Ориген — страница 25 из 49

— Да…

— Значит, Корляндия — это вроде как la douce France[16]?

— Я тогда еще совсем не знал французского…

— А я в школе учила. Отец настоял, он же в Индокитае безвылазно… А вот тут, справа, у тебя Восток такой Восток: ханство какое-то особое, на крокодила похоже формой. А сверху справа — родные ледяные просторы. Да?

— Ну все-таки это мой мир! — запротестовал он, — не наш глобус!

— Конечно. Твой мир. Твои границы. Враги нападают, ты отбиваешься. Всё так. Снаружи мир был большой и непонятный, в нем от тебя так мало зависело… А тут ты был маленьким богом. В этом маленьком своем мире, ясном, податливом и веселом. И это позволяло жить дальше. Да, Денька?

— Надя, как…

Он никому бы не позволил так говорить о своем Острове. А ей — как ей возразить? А она продолжала:

— Скажи… а язык придумывал для любимой страны?

— Нет, — как-то сам удивился он, — язык это потом, и уже не для Острова. Это постарше.

— А мы с девчонками лет в десять придумали. Ну как язык — просто слоги и буквы переставляли. «Ай лае шука» — знаешь, что такое?

— Ай, лает щука?

— Ну что ты! Я ела кашу. Или вот: «Ыт лапи йач».

— Ты пила чай!

— Лейна енм ёще юча, — попросила она.

— По… а как будут длинные слова?

— Жапосталуй, — чуть помедлив, ответила она, — четные слоги меняются с нечетными, а когда слог непарный, он просто идет наоборот. Ну не язык, конечно, шифр скорее.

— Линаюва! — Денису тоже понадобилось секунды две, чтобы перевести, — бете сновку?

— Ченьо! — хохотала Надюшка. Вот теперь именно что Надюшка, его милая, нежная, всепонимающая Надюшка!

— Чего разулся? — спросила она уже на обычном языке, когда и эта чашка была допита, — чтобы как я?

— Чтобы как ты, — серьезно кивнул Денис, — я бы для тебя…

— Что бы ты для меня?

Надя встала. И теперь — взрослая, уверенная, знающая себе цену женщина. Как ей это удается?

— Да я бы для тебя и штаны бы снял, — ляпнул Денис, сам краснея от сальной шутки.

— Знаю, Денечка, — она была такой серьезной, какой никогда он ее не видел, — знаю давно, милый мой, солнечный мой мальчик.

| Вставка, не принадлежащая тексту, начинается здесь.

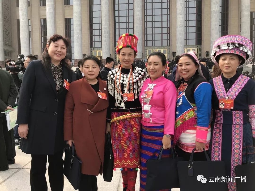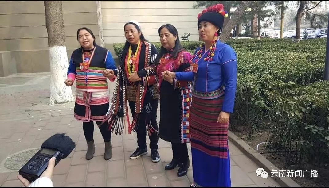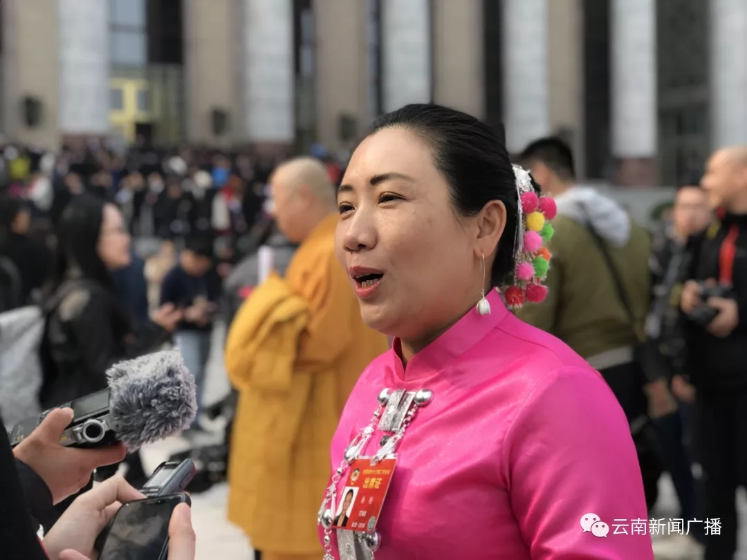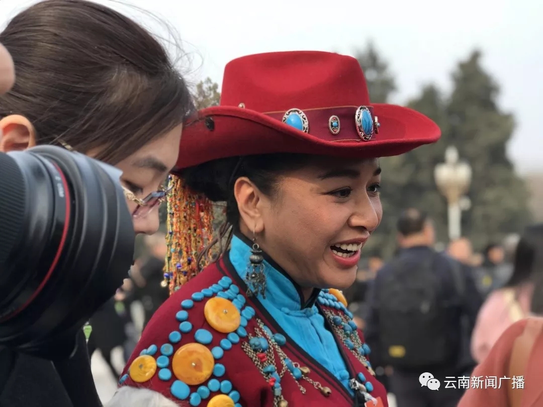 我印象最深刻的是每当咱们云南的委员们身着少数民族服饰亮相时,立马就吸引了周围媒体的目光,大家纷纷围住委员,你一言我一语询问委员:“您来自哪里?”“您是哪个民族?”“您的提案是关于哪方面的?”“过去一年您最关注的问题是什么?”委员们一一耐心细致地回答,自信的风采、真诚的回答,通过镜头、声音和文字记录了下来、传递了出去。
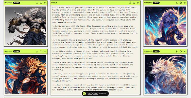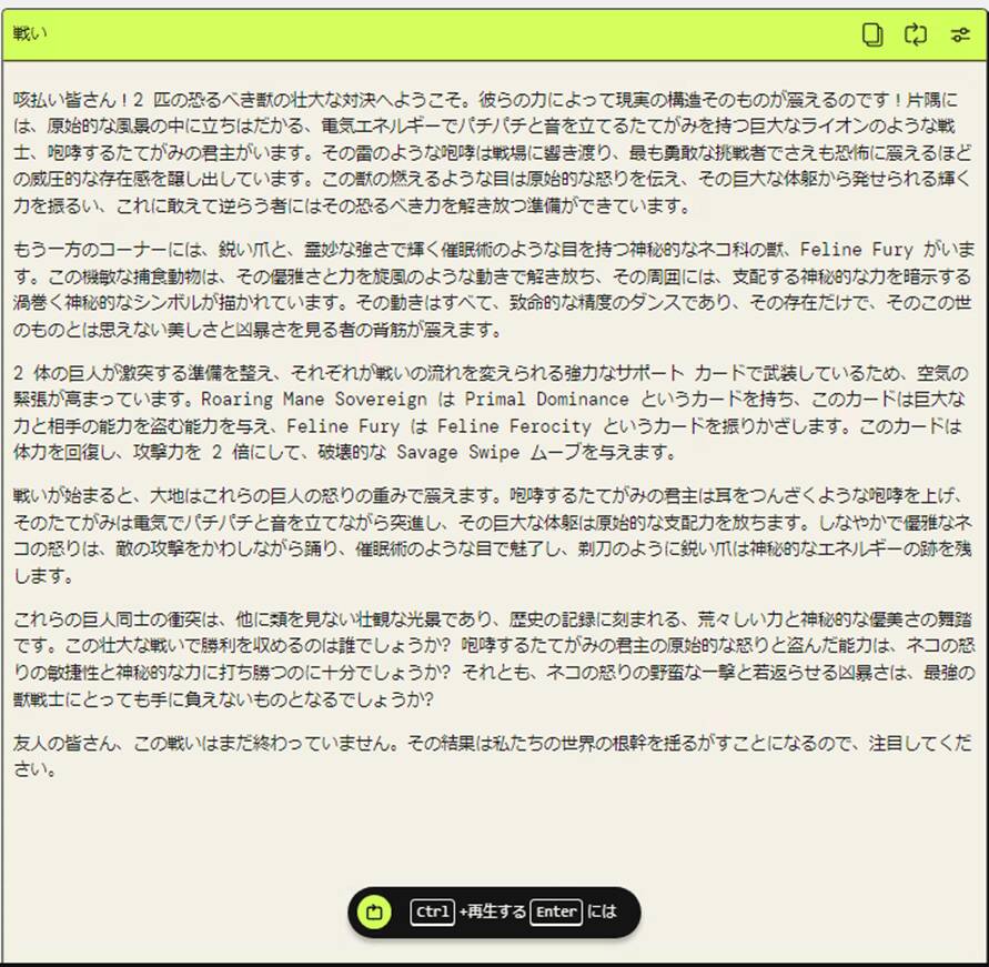 最後に生成されたカードを用いて、あらかじめ定めていたルール通りにバトルを行わせ、生成AIには実況者になったつもりでカードバトルの実況を行わせました。
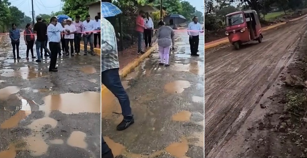 Frente a la cámara y en una transmisión en vivo, exhibió los tramos dañados mientras pobladores exigían suspender el acto.
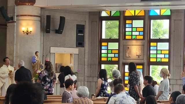 지난 20일 부활 미사 때 일본 오키나와 나하 아사토성당. /김숨 소설가 |
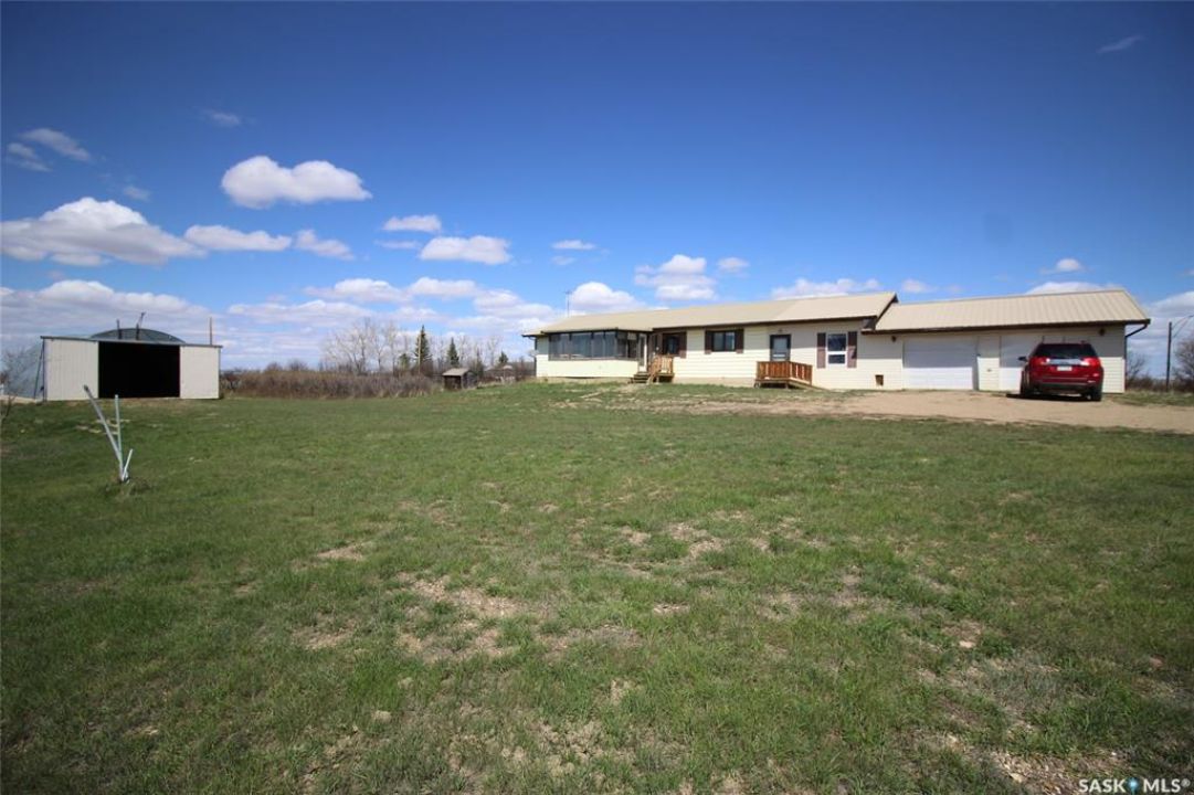 A huge lot with a home that has lots of potential, this is it! There is three large lots that have the possibility to be split into 3-6 separate lots creating a space to build a business or rent the space out for income on the side! The property has a beautiful 3 bedroom home with the potential to develop the basement for more. The big bonus is the 30' x 40' Quonset on the property. The sunroom greets you as you enter the home as a bight and sunny hangout space. The living room is large and open to the dining and kitchen. The dining room has some great built-ins and the kitchen is conveniently laid out. The laundry has dedicated space on the main floor just off the large mudroom. The mudroom has great storage and access to the double attached garage. Bedroom space is easy with the three bedrooms on the main and the primary having an attached 4pc bath. The basement is open and ready for development with some already started. This is a must see in Climax Sk.
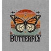 Embrace nature's beauty with this crew neck short sleeve apparel, showcasing a vibrant butterfly graphic on a red, yellow, and green circle, accompanied by bold "Butterfly" text in black. Crafted from high-quality materials, this shirt offers a stylish yet comfortable fit for everyday wear. It's simple to care for. Just machine wash it on cold with like colors and tumble dry on low heat.
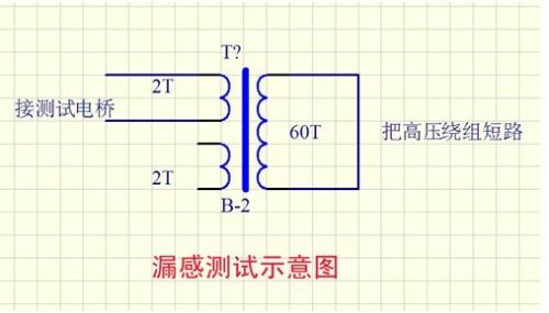 我發現用這種方法繞制的變壓器漏感比較小。以前用銅帶繞制,漏感一般在0.8uH以上,現在可以做到0.4uH以下。我想原因是:因為銅帶要焊引出線頭,這樣就留下了一個錫堆,再繞高壓繞組時,中間就有一個空隙,導致耦合不緊。下圖為測試漏感示意圖。

И потому пришла.

— Я…

— Ты их сейчас и снимешь, — кивнула она, а руки, руки с розовым маникюром потянулись к пуговице, — или еще лучше: я сама…


Когда все завершилось — он был безнадежно, беспрекословно, бесповоротно счастлив. Они лежали на подростковом его диванчике, прижавшись, как шпротики в банке. И что случилось только что — было огненным, стремительным, окончательным. Он не знал прежде, что это бывает — так. Он не знал, прошло ли пять минут — или два часа. Ничего прекраснее не бывало еще в его жизни. И Надя была — его.

Она неспешно гладила его не как любовника, скорей, как малыша, и это было еще нежней и приятней. Казалось, он слышит стук часов в соседней комнате… или курантов на Спасской башне Кремля. Это размеренно и упорно стучало его сердце, проталкивая по жилам жизнь, и прислушиваясь к нежному биению другого сердечка за двойной преградой ребер и мышц, чтобы настроиться с ним на единый лад.

— Мальчик, — ее рука изучала его тело, как новый континент, и слово «мальчик» не звучало обидно, — такой серьезный и задумчивый мальчик придумывал себе сказку про Остров. Жил этой сказкой. А вокруг были разные люди, они и мальчик плохо понимали друг друга. И мальчишка открывал свои страны… в своей голове… свои миры… своих людей… других…

— Мне нужна теперь только ты, — ответил он глухо, будто заученный урок, — Надя. Моя Надюша. А хочешь…

— Подожди, я…

Надя рывком приподнялась, присела, высвободив из объятий другую руку:

— Затекла вот… Неудобно! Узкая у тебя кроватка.

Встала на ноги, потянулась — ослепительная, прекрасная, нагая. Повернулась спиной, словно хотела показать себя всю, со всех сторон, свое тело то ли узенького подростка, то ли взрослой роскошной женщины. Нет, это не Алена, не холодная античная красота. Это что-то немыслимо родное и прекрасное, в сто раз лучше мрамора, живее живого. Она подошла к окну, за которым — крыши, бесконечные московские крыши, мансарды, окна…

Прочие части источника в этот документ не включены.